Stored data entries
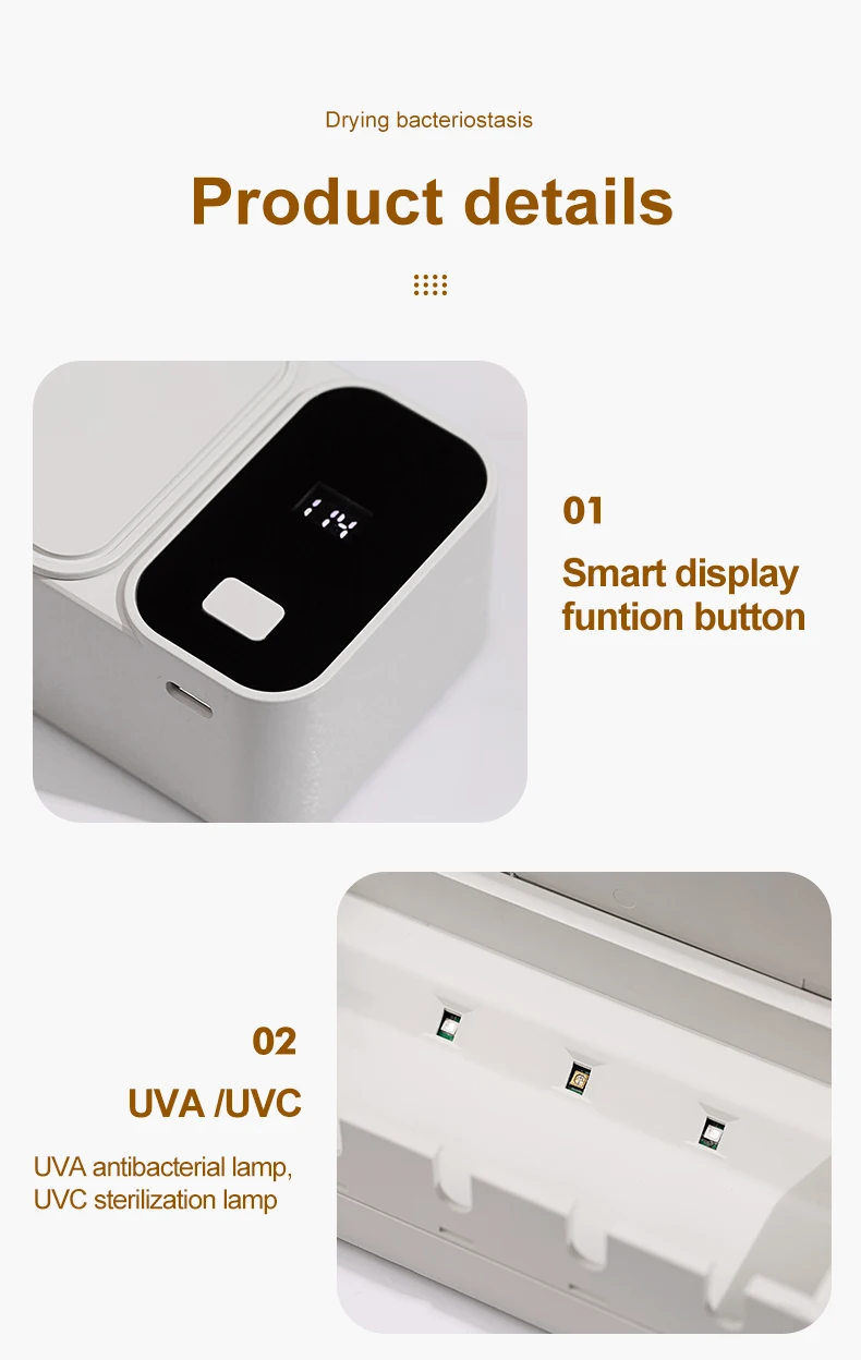 • Característica de secado rápido :El esterilizador de cepillo de dientes UV cuenta con una función de secado rápido, asegurando que sus cepillos estén listos para usar nuevamente en poco tiempo. Ideal para mañanas ocupadas o para aquellos que prefieren cambiar sus pinceles con frecuencia.
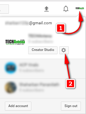 Step 1: Open YouTube.com website and click on your account icon, and click on gear icon near to Creator Studio.
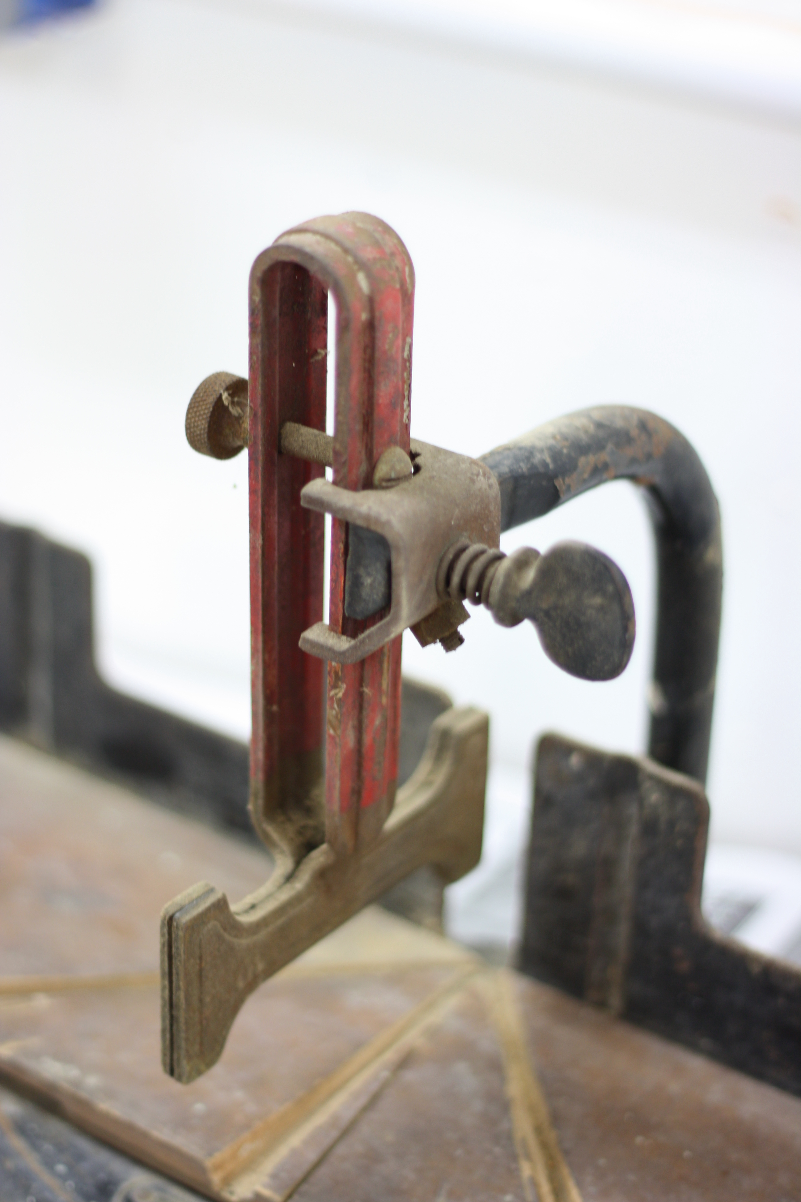 I set the saw aside and turned my attention to the miter box. As the plate in the front says, it is a Craftsman 3646 Miter Box. Apparently my Google-Fu is rusty, because I couldn’t find much at all on this model on the interwebz. It is similar in style to the Stanley 150 in that it guides the saw by clamping the blade into position. Height is adjusted by loosening the bracket at the end of the clamp arm and raising or lowering the clamping mechanism.
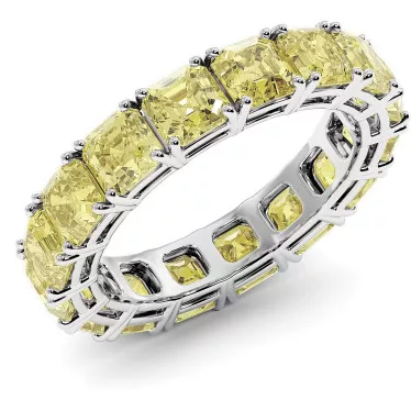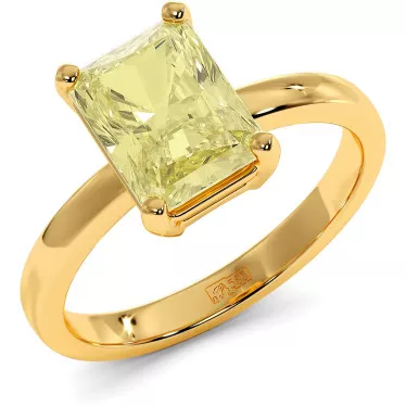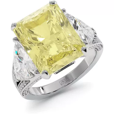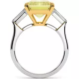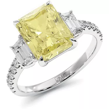 This graff promise styled gorgeous ring features large noble yellow moissanite center 8.5ct lab grown emerald cut or 9.3 ct radiant cut and two baguette cut moissanite (0.8 ctw) set in white, yellow or rose gold 14k or 18k.
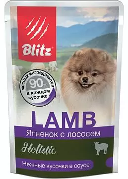 Влажный корм для собак Blitz для мелких пород с ягненком и лососем кусочки в соусе
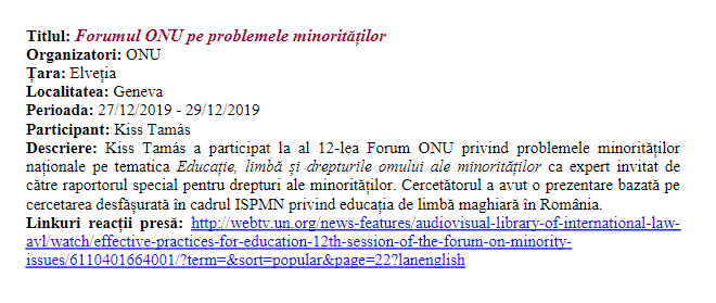 to organize and carry out documentation visits and experience sharings both abroad and in Romania in order to become familiar with other citizenship rights protection systems of national minorities.
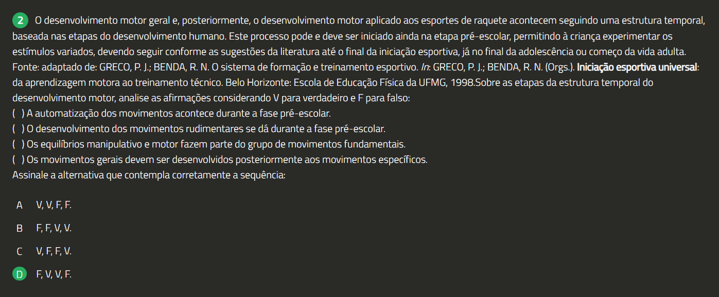 2 0 desenvolvimento motor geral e, posteriormente, 0 desenvolvimento motor aplicado aos esportes de raquete acontecem seguindo uma estrutura temporal, baseada nas etapas do desenvolvimento humano. Este processo pode e deve ser iniciado ainda na etapa pré-escolar, permitindo à criança experimentar estímulos variados, devendo seguir conforme as sugestões da literatura até 0 final da iniciação esportiva, já no final da adolescência ou começo da vida adulta. Fonte: adaptado de: GRECO, P. J.; BENDA, R.N. 0 sistema de formação e treinamento esportivo. In: GRECO, P. J.; BENDA, R.N. (Orgs.). Iniciação esportiva universal: da aprendizagem motora ao treinamento técnico. Belo Horizonte: Escola de Educação Física da UFMG, 1998.Sobre as etapas da estrutura temporal do desenvolvimento motor, analise as afirmações considerando V para verdadeiro e F para falso: A automatização dos movimentos acontece durante a fase pré-escolar. ( ) 0 desenvolvimento dos movimentos rudimentares se dá durante a fase pré-escolar. ( ) Os equilíbrios manipulativo e motor fazem parte do grupo de movimentos fundamentais. Os movimentos gerais devem ser desenvolvidos posteriormente aos movimentos específicos. Assinale a alternativa que contempla corretamente a sequência: A B F,F,V,V. V,F,F,V. D F,V,V,F.
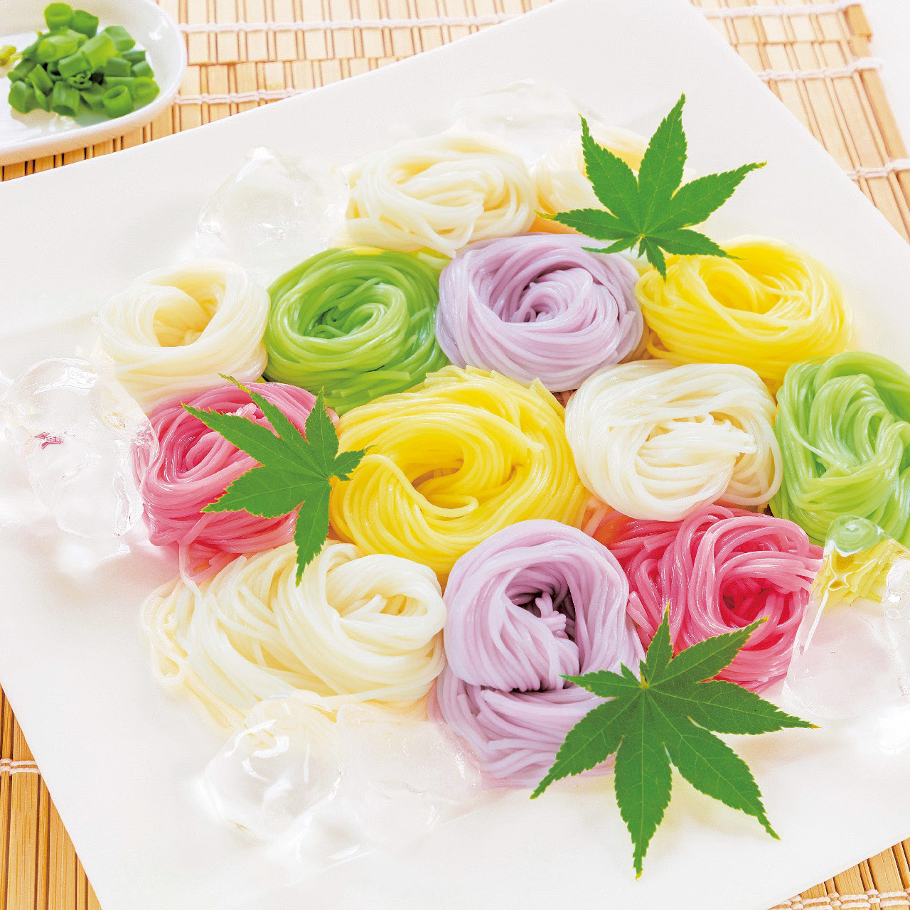 強いコシとなめらかな喉ごし、そして素麺を熟成させることで生まれるオリジナルブレンドの小麦の香り。今も昔も変わることなく一本一本丁寧につくられる手延べ素麺に和の素材を練り込み、絶妙な色合いで味だけでなく見た目の美しさにもこだわりました。日本の伝統製法と和の食材のコラボレーションで日本の繊細な美しさを表現しております。
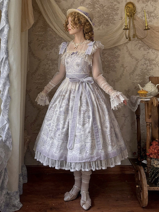 Lily Oil Klassischer Rock Gemäldedruck Wasserviolett Lolita-Kleid mit eckigen Ärmeln und langem Ausschnitt
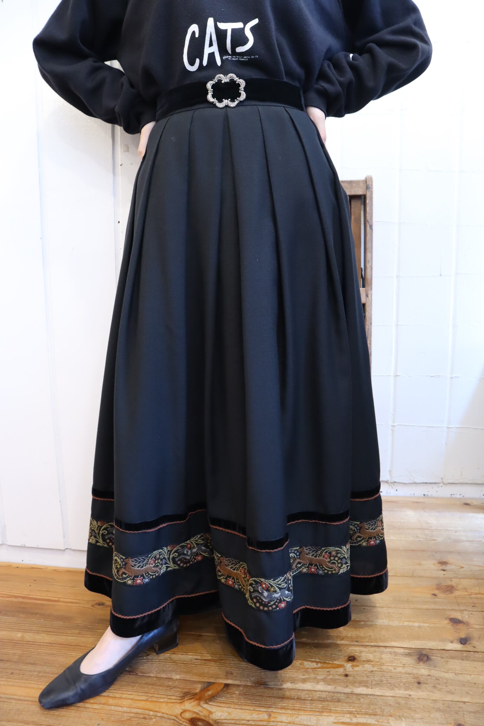 black velour & embroidery tape tyrol skirt [l-3918]

Work task: Each entry is to be returned precisely as it appears, but the pictures are to be dropped.

Reply:
 • Característica de secado rápido :El esterilizador de cepillo de dientes UV cuenta con una función de secado rápido, asegurando que sus cepillos estén listos para usar nuevamente en poco tiempo. Ideal para mañanas ocupadas o para aquellos que prefieren cambiar sus pinceles con frecuencia.
 Step 1: Open YouTube.com website and click on your account icon, and click on gear icon near to Creator Studio.
 I set the saw aside and turned my attention to the miter box. As the plate in the front says, it is a Craftsman 3646 Miter Box. Apparently my Google-Fu is rusty, because I couldn’t find much at all on this model on the interwebz. It is similar in style to the Stanley 150 in that it guides the saw by clamping the blade into position. Height is adjusted by loosening the bracket at the end of the clamp arm and raising or lowering the clamping mechanism.
 This graff promise styled gorgeous ring features large noble yellow moissanite center 8.5ct lab grown emerald cut or 9.3 ct radiant cut and two baguette cut moissanite (0.8 ctw) set in white, yellow or rose gold 14k or 18k.
 Влажный корм для собак Blitz для мелких пород с ягненком и лососем кусочки в соусе
 to organize and carry out documentation visits and experience sharings both abroad and in Romania in order to become familiar with other citizenship rights protection systems of national minorities.
 2 0 desenvolvimento motor geral e, posteriormente, 0 desenvolvimento motor aplicado aos esportes de raquete acontecem seguindo uma estrutura temporal, baseada nas etapas do desenvolvimento humano. Este processo pode e deve ser iniciado ainda na etapa pré-escolar, permitindo à criança experimentar estímulos variados, devendo seguir conforme as sugestões da literatura até 0 final da iniciação esportiva, já no final da adolescência ou começo da vida adulta. Fonte: adaptado de: GRECO, P. J.; BENDA, R.N. 0 sistema de formação e treinamento esportivo. In: GRECO, P. J.; BENDA, R.N. (Orgs.). Iniciação esportiva universal: da aprendizagem motora ao treinamento técnico. Belo Horizonte: Escola de Educação Física da UFMG, 1998.Sobre as etapas da estrutura temporal do desenvolvimento motor, analise as afirmações considerando V para verdadeiro e F para falso: A automatização dos movimentos acontece durante a fase pré-escolar. ( ) 0 desenvolvimento dos movimentos rudimentares se dá durante a fase pré-escolar. ( ) Os equilíbrios manipulativo e motor fazem parte do grupo de movimentos fundamentais. Os movimentos gerais devem ser desenvolvidos posteriormente aos movimentos específicos. Assinale a alternativa que contempla corretamente a sequência: A B F,F,V,V. V,F,F,V. D F,V,V,F.
 強いコシとなめらかな喉ごし、そして素麺を熟成させることで生まれるオリジナルブレンドの小麦の香り。今も昔も変わることなく一本一本丁寧につくられる手延べ素麺に和の素材を練り込み、絶妙な色合いで味だけでなく見た目の美しさにもこだわりました。日本の伝統製法と和の食材のコラボレーションで日本の繊細な美しさを表現しております。
 Lily Oil Klassischer Rock Gemäldedruck Wasserviolett Lolita-Kleid mit eckigen Ärmeln und langem Ausschnitt
 black velour & embroidery tape tyrol skirt [l-3918]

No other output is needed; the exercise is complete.